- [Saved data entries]
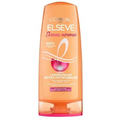 Супербальзам Легкое Расчесывание Elseve, Длина Мечты, для длинных поврежденных волос. Уникальная формула Супербальзама Легкое Расчесывание Elseve, Длина Мечты от L'Oreal Paris мгновенно распутывает ваши волосы и препятствует ломкости. Она обогащена питательным коктейлем ингредиентов, известных своими полезными свойствами: растительный кератин восстанавливает ваши волосы до самых кончиков; витамин В5 укрепляет волосы; касторовое масло глубоко питает и дарит блеск. Способ применения: Наносите бальзам Эльсев от Лореаль Париж только по длине волос, чтобы не утяжелять их у корней. Нанесите на влажные волосы после использования шампуня, распределите по всей длине до самых кончиков, затем смойте. Для идеального результата используйте также Шампунь Преображение и Крем-Уход Нет Ножницам гаммы Длина Мечты. При попадании в глаза немедленно промойте водой.
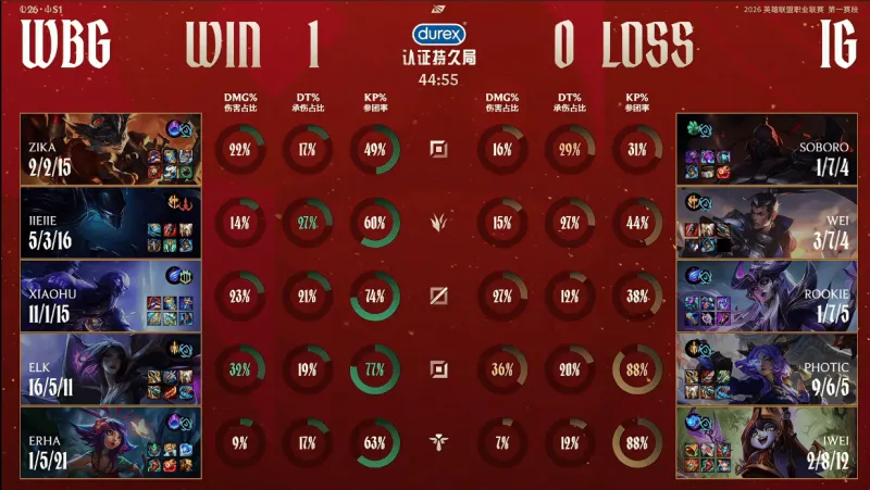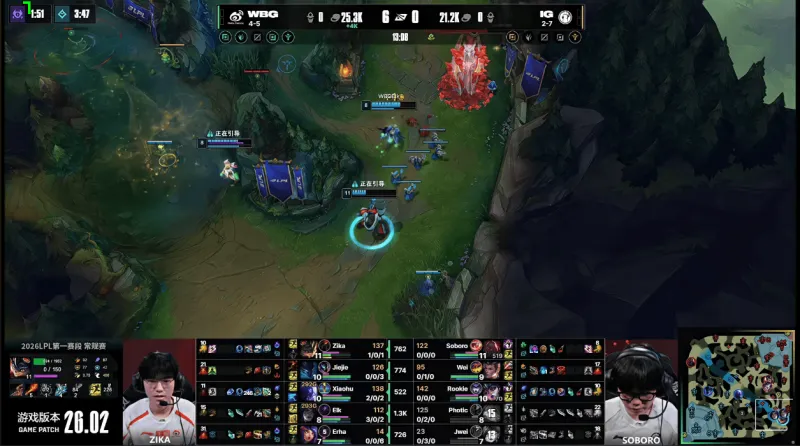 虎扑02月06日讯 GAME1:WBG蓝色方;IG红色方
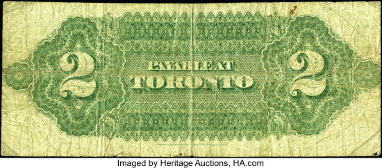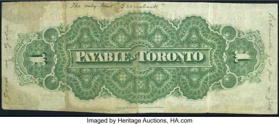 While the front of each note is identical, the back of each note states which city the note could be redeemed in (Montreal or Toronto)
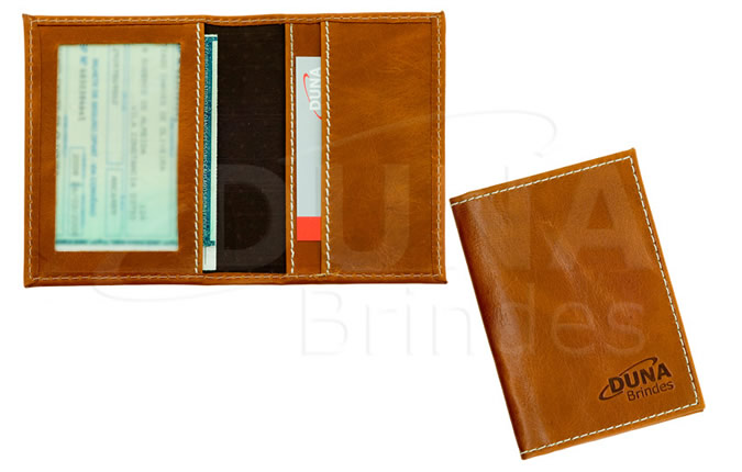 Porta Documento com moldura e duas divisórias para cartões, confeccionado em couro legítimo, couro sintético ou couro ecológico (Recouro) e gravaçao de sua logomarca em baixo relevo ou silk screen.
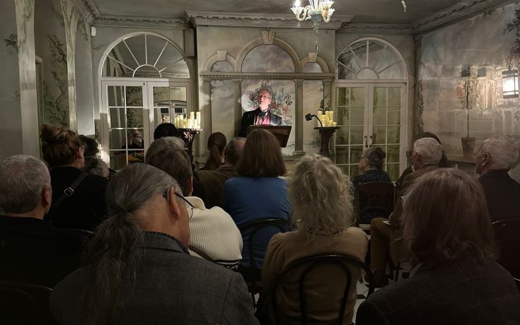 The Orangery was full for the performance by Richard Hollis of his readings from Charles Dickens on the evening of December 19th. It was a highly skilful intermingling of the some of the principal events of Dickens’ life with readings from some of his novels.
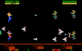 PrésentationForgotten Worlds est un jeu d'arcade réalisé et édité par Capcom en 1988. La compagnie japonaise était alors auréolée du succès de Commando, Ghosts 'n Goblins et Street Fighter (pour ne citer qu'eux), et Forgotten Worlds était en quelque sorte sa réponse à R-Type : un shoot 'em up horizontal nerveux, sur neuf niveaux d'un univers post-apocalyptique aux ambiances égyptiennes, et dont la principale originalité est de proposer de contrôler, non pas des vaisseaux spatiaux, mais des bodybuilders américains à lunettes noires équipés de jetpacks qui peuvent tirer dans les huit directions, indépendamment de leurs déplacements, à l'aide d'une deuxième molette. Les ennemis détruits laissent derrière eux des bulles que l'on peut échanger dans les boutiques contre l'équipement et des vies supplémentaires.
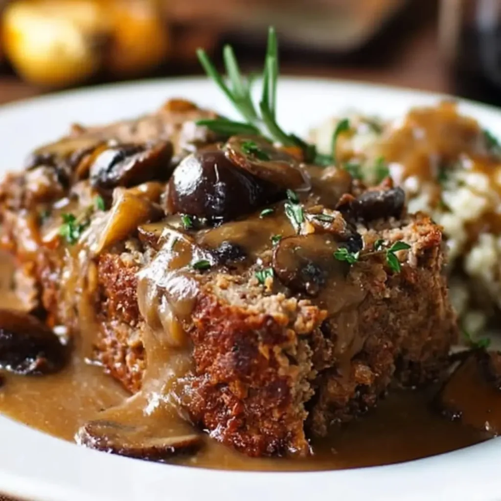 - Slice the rested meatloaf and serve warm with the mushroom and savory gravy. Garnish with fresh chopped parsley if desired.
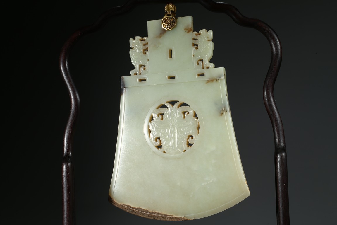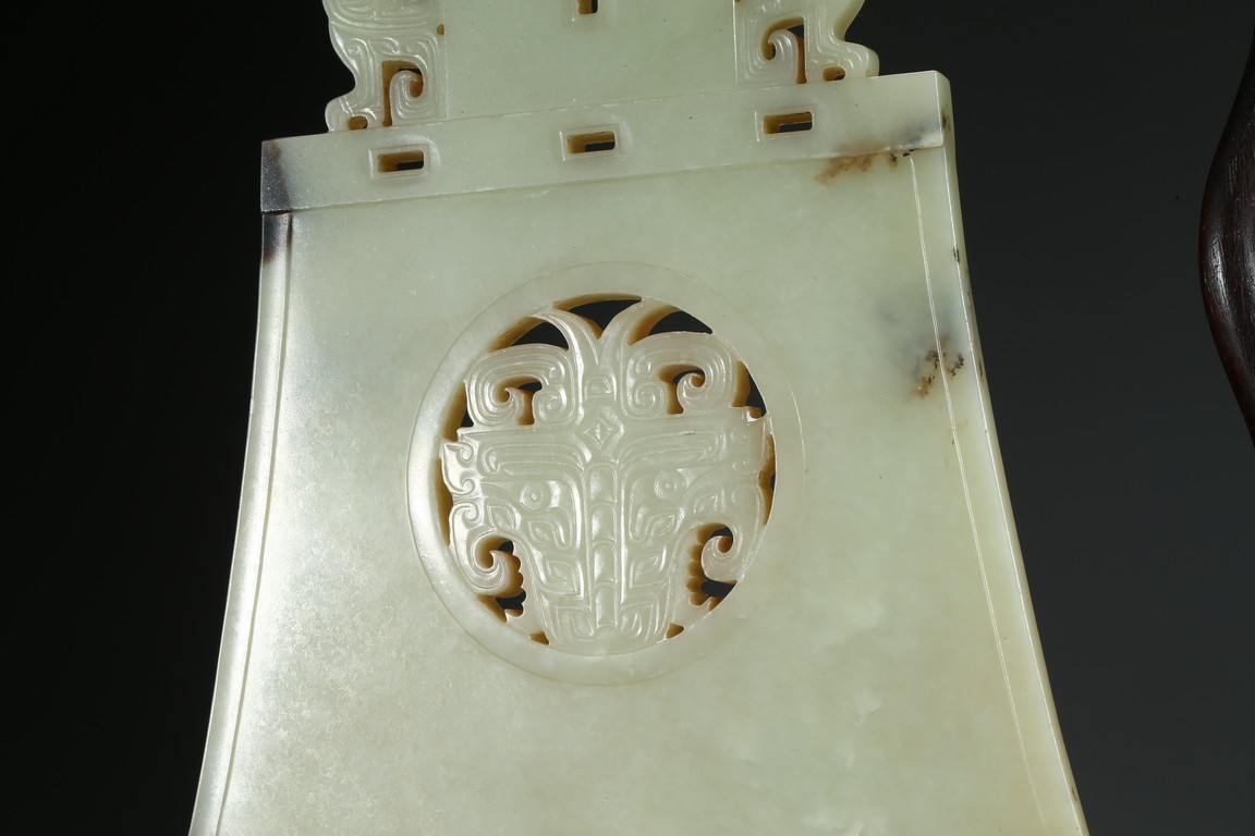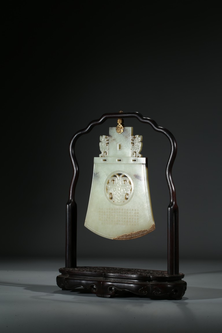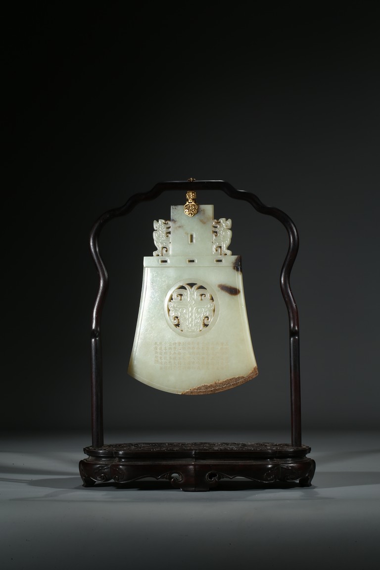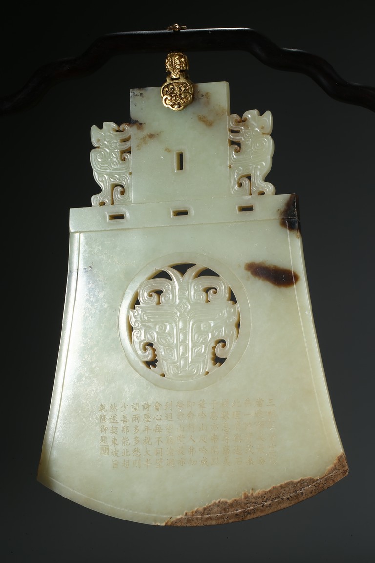 Carved to imitate an archaic axe-blade with an openwork medallion of stylized taotie mask to the center, above inscribed Imperial poem composed by Qianlong Emperor in regular script, surmounted on the top with a pair of phoenix flanking the rectangular axe handle, all suspended on a hardwood stand. Qing Dynasty Qianlong period.
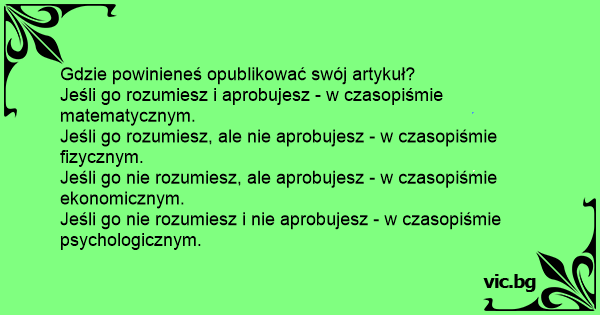 Jeśli go nie rozumiesz, ale aprobujesz - w czasopiśmie ekonomicznym.
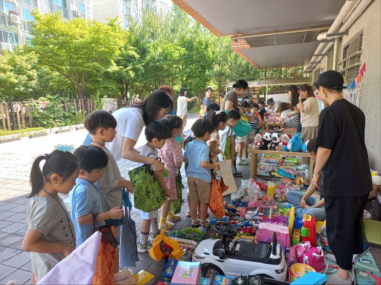 ◦ 쓰지 않는 장난감, 작아진 옷과 신발 등을 모아 친구와 동생들에게 나누고 필요한 물건도 삽니다
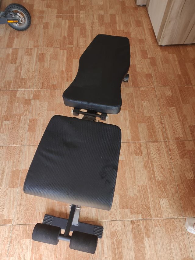 Detalles del productoBanco de pesas plegable, ideal para entrenar en casa. Está en buen estado, solo se ha usado 3 veces, viene con las pesas ajustables con 8 discos de 1kg y dos de 0,5kg. También incluye el accesorio para convertirlas en barra. Lo de la foto no es una mancha es agua de haberla limpiado.
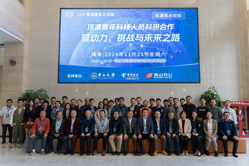 珠海与澳门在粤港澳大湾区科技合作中的重要性日益凸显,但资源分配不均、政策协调不足、跨境机制不完善等问题制约了青年科技人员的协作与发展。为破解这些难题,2024年11月23日下午,中国计算机学会(CCF)珠海青年工作组联合澳门科研人员在js3845金沙线路举办了以“珠澳青年科技人员科研合作:驱动力、挑战与未来之路”为主题的观点论坛。
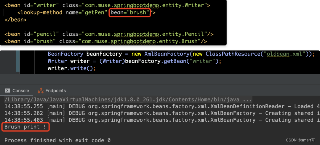 然后,我们可以通过修改xml配置中的lookup-method标签,将原来的“pencil”替换为“brush”,再运行一下,那么运行结果显示“Brush print !”
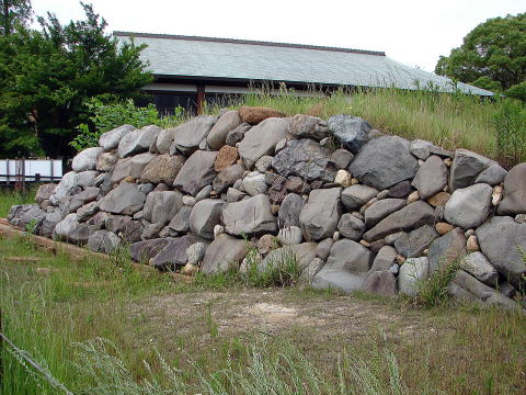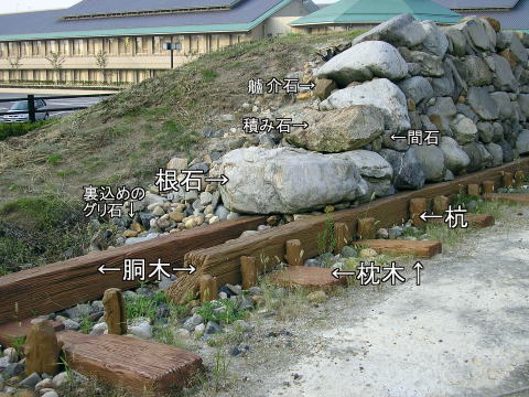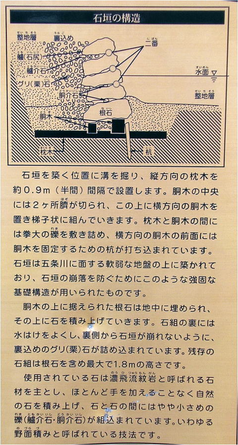 | 復元された本石垣は、平成8年に河川事業に伴い実施された遺跡調査により、清洲公園前の五条川右岸で発見されたもので、清洲越直前の本丸南側の石垣と考えられる。 石垣の基礎は、軟弱な地盤に耐えられる様に松材を用いた「梯子胴木」と呼ばれる構造になっており、石材はこの基礎の上に「野面積み」と呼ばれる戦国時代にかけて用いられた技法により積まれている。 ![]() 【メモ】木材は水に濡れると腐りやすいが、常に水に浸かった状態ではほとんど腐らない。特に松材は樹脂が多く水に強く、折れにくいので堀底の胴木としては最適である。しかし、堀の水が干しあがって胴木が乾燥すればたちどころに腐敗する。陸上の石垣には決して胴木を使ってはならない。 ![]() |
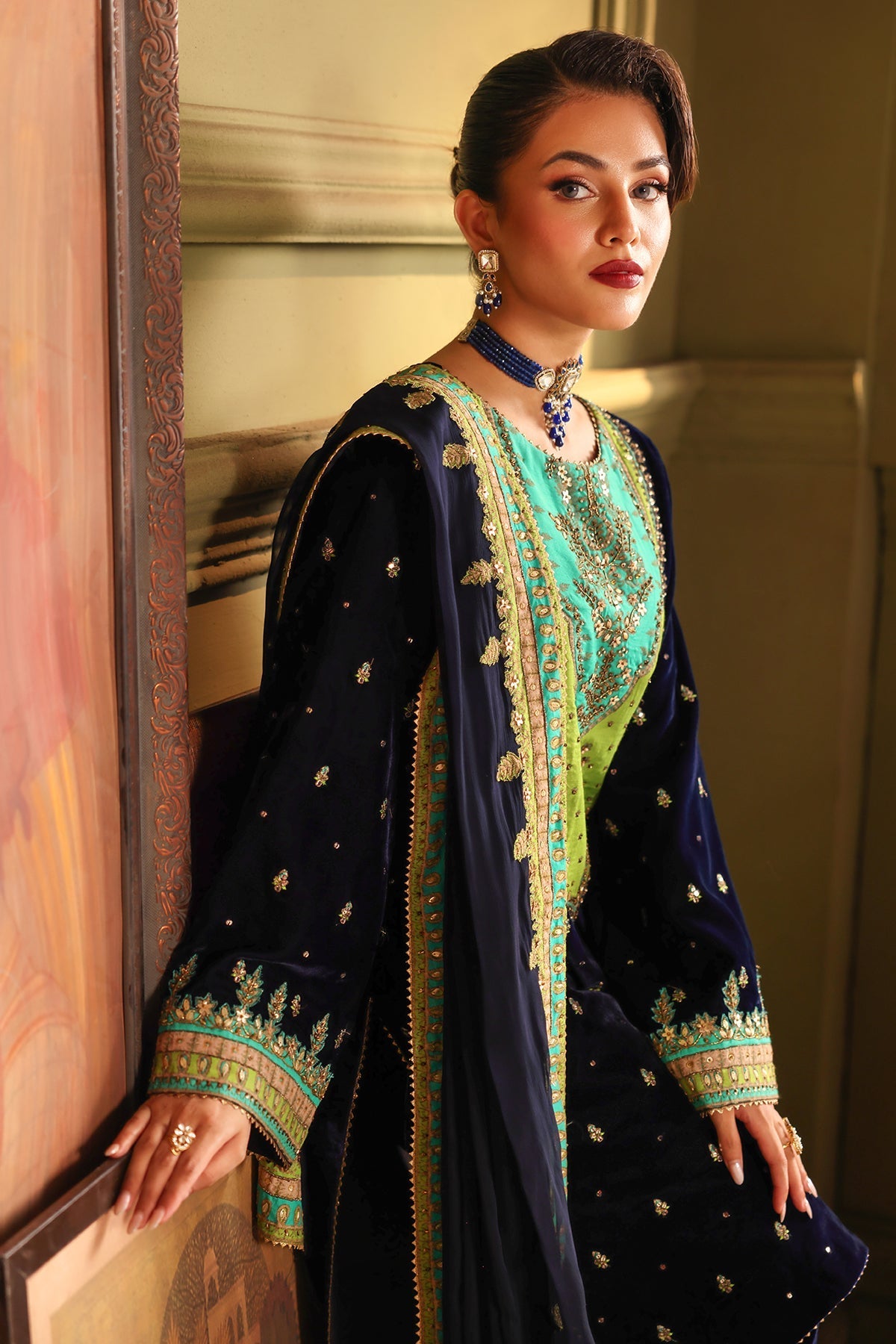 Embroidered Dyed Velvet Front & Sleeves ÃÂ 2 Meter
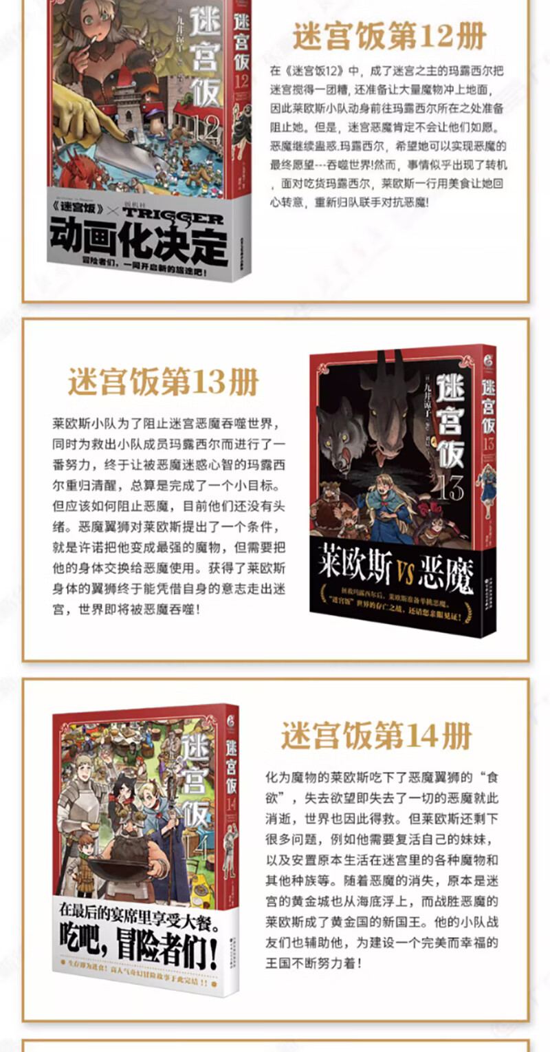 【正版现货】迷宫饭漫画全套19册漫画1-14册+世界导览冒险者权威指南九井谅子作品集迷宫饭公式书设定集插画集动漫画册奇幻美食冒险漫画异世界实体书籍天闻角川 【全14册】迷宫饭漫画1-14已完结
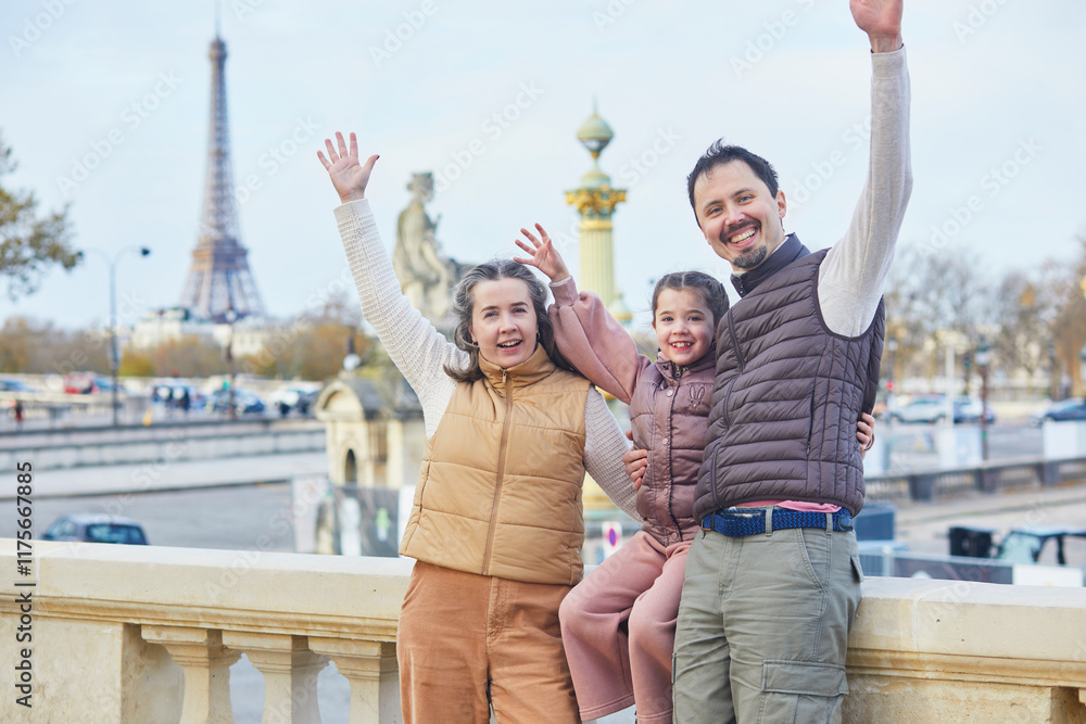 Happy family of three, father, mother and daughter enjoying family time together in Luxembourg garden of Paris, France.
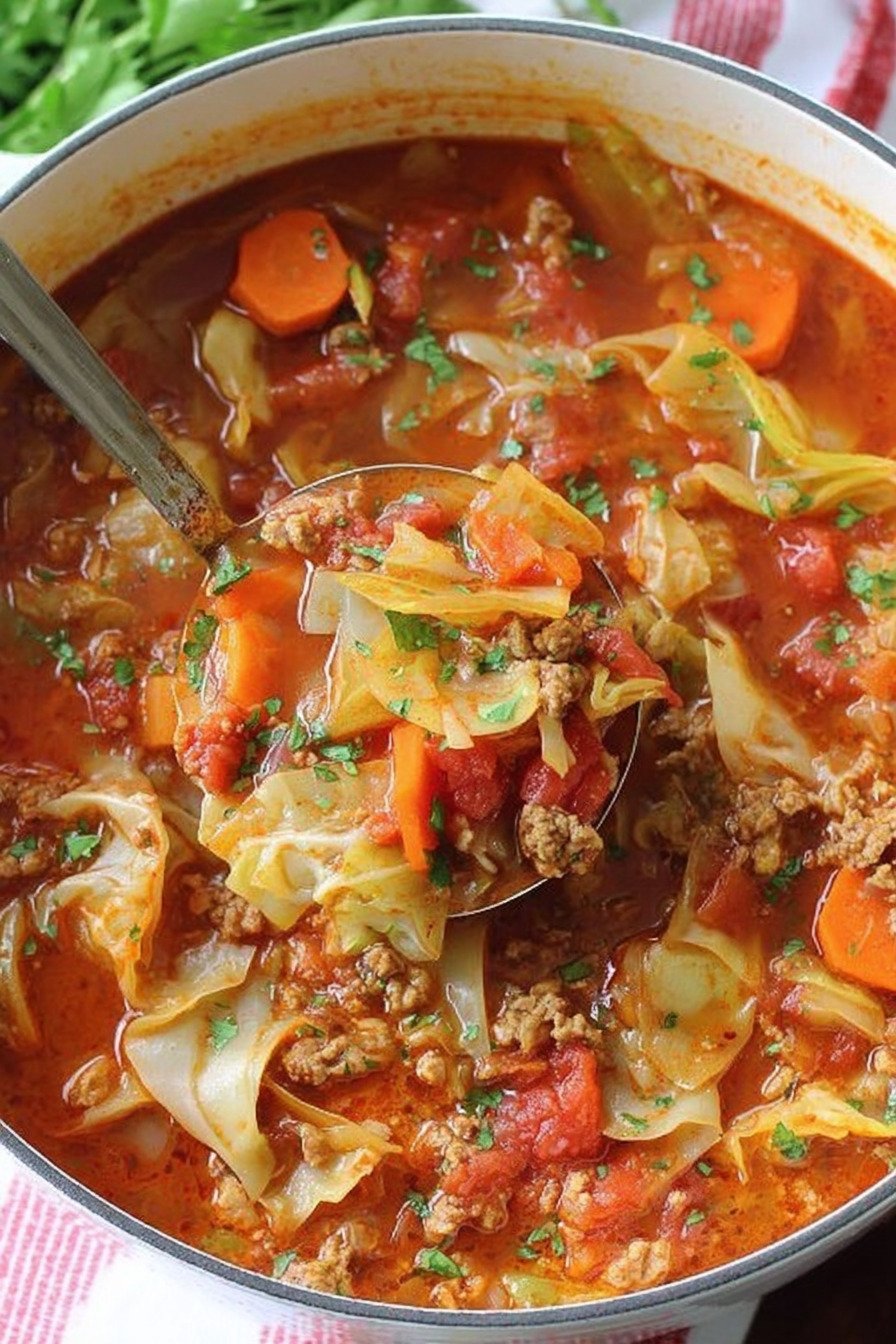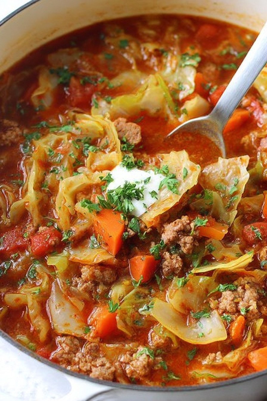 I make this soup when I want comfort without the heavy feel. It fits into Low Calorie Soup Recipes and still tastes rich and filling. We get cabbage, beef, tomato, and rice in one pot, which saves time and dishes.

- [What is needed] Write down exactly what the lines above say, from the line holding "- Slice the" through the line holding "필요한 물건도 삽니다", and nothing more. Do not copy the pictures.

- [Written solution]
 - Slice the rested meatloaf and serve warm with the mushroom and savory gravy. Garnish with fresh chopped parsley if desired.
 Carved to imitate an archaic axe-blade with an openwork medallion of stylized taotie mask to the center, above inscribed Imperial poem composed by Qianlong Emperor in regular script, surmounted on the top with a pair of phoenix flanking the rectangular axe handle, all suspended on a hardwood stand. Qing Dynasty Qianlong period.
 Jeśli go nie rozumiesz, ale aprobujesz - w czasopiśmie ekonomicznym.
 ◦ 쓰지 않는 장난감, 작아진 옷과 신발 등을 모아 친구와 동생들에게 나누고 필요한 물건도 삽니다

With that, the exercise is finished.